The action of paramount importance for the wives of those who work for the Party, the Army or other governmental sections such as foreign currency-generating enterprises is to help husbands advance their careers.

The method is clear. There are two things a North Korean official has to be the most careful of: corruption and adultery. Since 2000, the number of officials getting expelled from position and Party for adultery has been growing.

In the past there have been many cases of persons involved in adultery issues being expelled, discharged from the Party or seriously punished. However, before the famine of the late 1990s, wives of officials got into comparatively less trouble over such affairs than these days. In this century, general social discipline has deteriorated; the irregularity and corruption of officials has been getting more acute. The authorities are trying to turn the tide. If one were to be caught by inspections, whole families as well as the officials themselves could be purged from Pyongyang; exiled to the countryside and a much harder life indeed.
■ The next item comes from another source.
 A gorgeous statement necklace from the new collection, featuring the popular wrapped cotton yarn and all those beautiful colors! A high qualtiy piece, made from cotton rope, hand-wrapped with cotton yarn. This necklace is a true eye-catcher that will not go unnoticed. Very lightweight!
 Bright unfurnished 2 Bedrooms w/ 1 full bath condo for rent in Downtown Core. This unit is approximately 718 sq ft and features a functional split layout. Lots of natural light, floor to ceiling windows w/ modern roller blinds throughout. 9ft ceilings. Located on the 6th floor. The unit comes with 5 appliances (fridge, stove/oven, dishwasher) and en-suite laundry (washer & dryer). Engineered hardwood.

Therefore, a wife who has a husband with ability and power should wholly assist him so as not to be implicated in any immoral or corrupt affairs. An adultery case, then, is not only a simple question of a married couple’s morality; it is also a direct question of a family’s life and death.
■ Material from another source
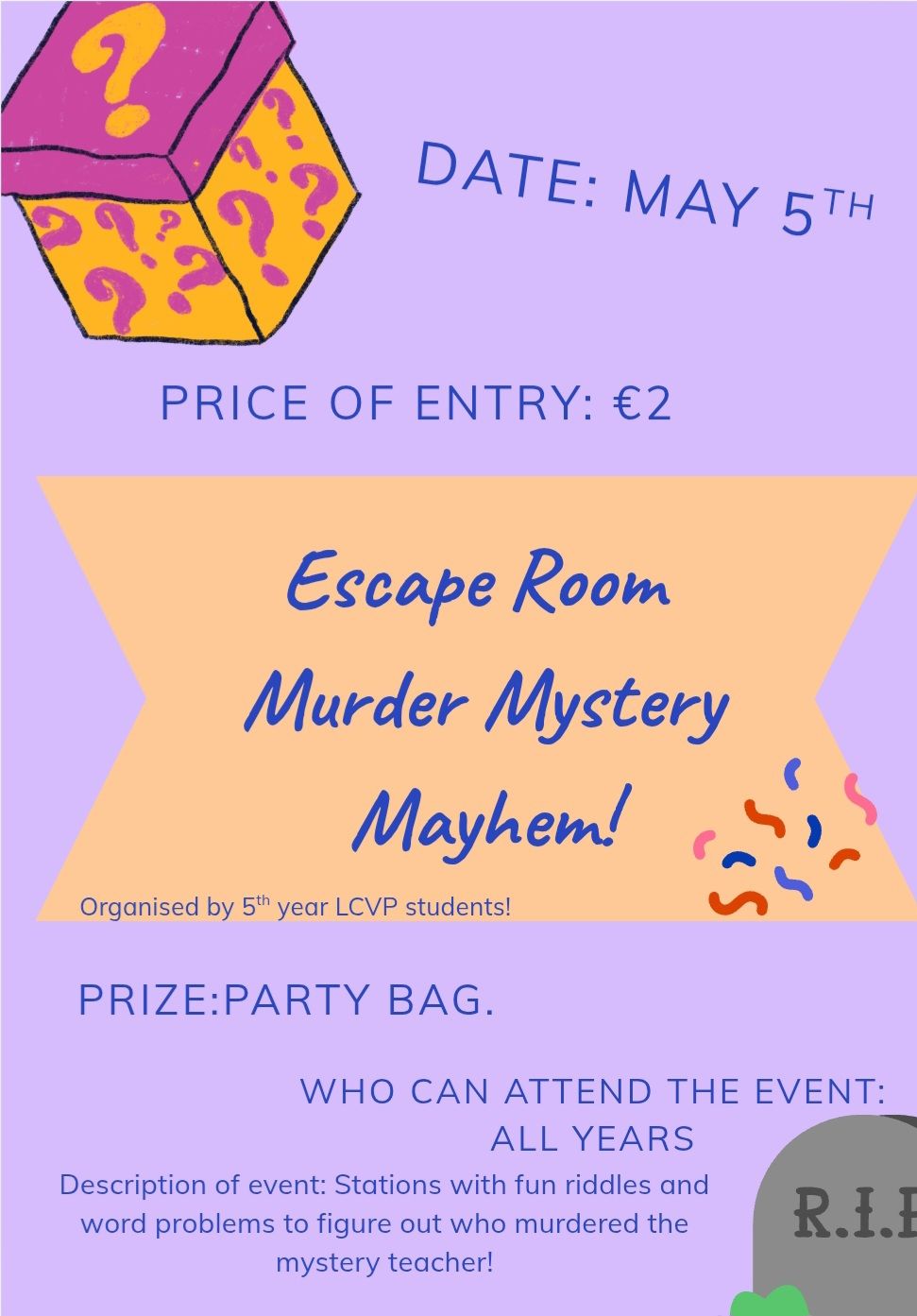 5th yr LCVP Murder Mystery Mayhem Escape Room Activities

In one North Pyongan Province factory where several thousand workers toiled, 70 percent of the workers were women, and all of them strongly desired to join the Party; a basic condition for success in life. Unfortunately, the secretary of the Primary Party Committee in the factory began to exploit their need. The secretary was finally dismissed for giving recommendations to join the Party in exchange for sex.
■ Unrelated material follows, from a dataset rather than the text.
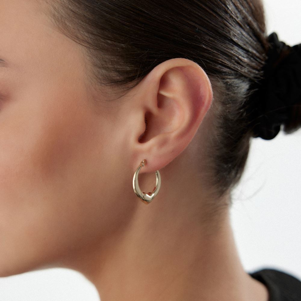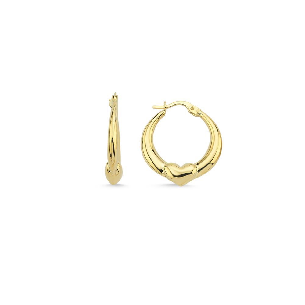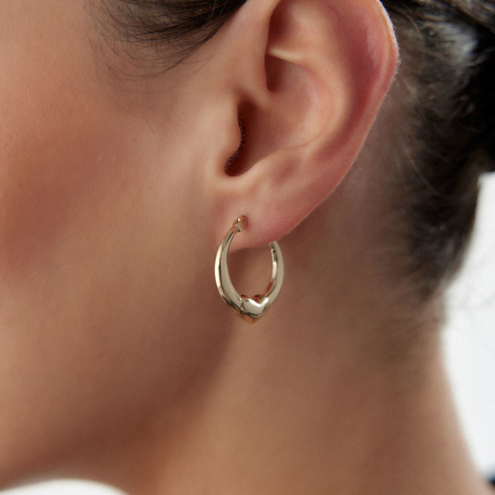 Kalpli Sade Halka Küpe: Zarif bir kalp detayıyla tasarlanmış sade halka küpe, feminen ve modern bir seçimdir.

As such affairs are relatively common all over the country, the wives of officials sometimes follow their husbands to their working places.

The wife of an organizing secretary at a munitions factory located in North Pyongan Province in 2003 attended a barbershop attached to the factory to check on the details of her husband activities. Therefore, at that time, workers commented, “Now we have two Secretaries of the Primary Party Committee in our factory.”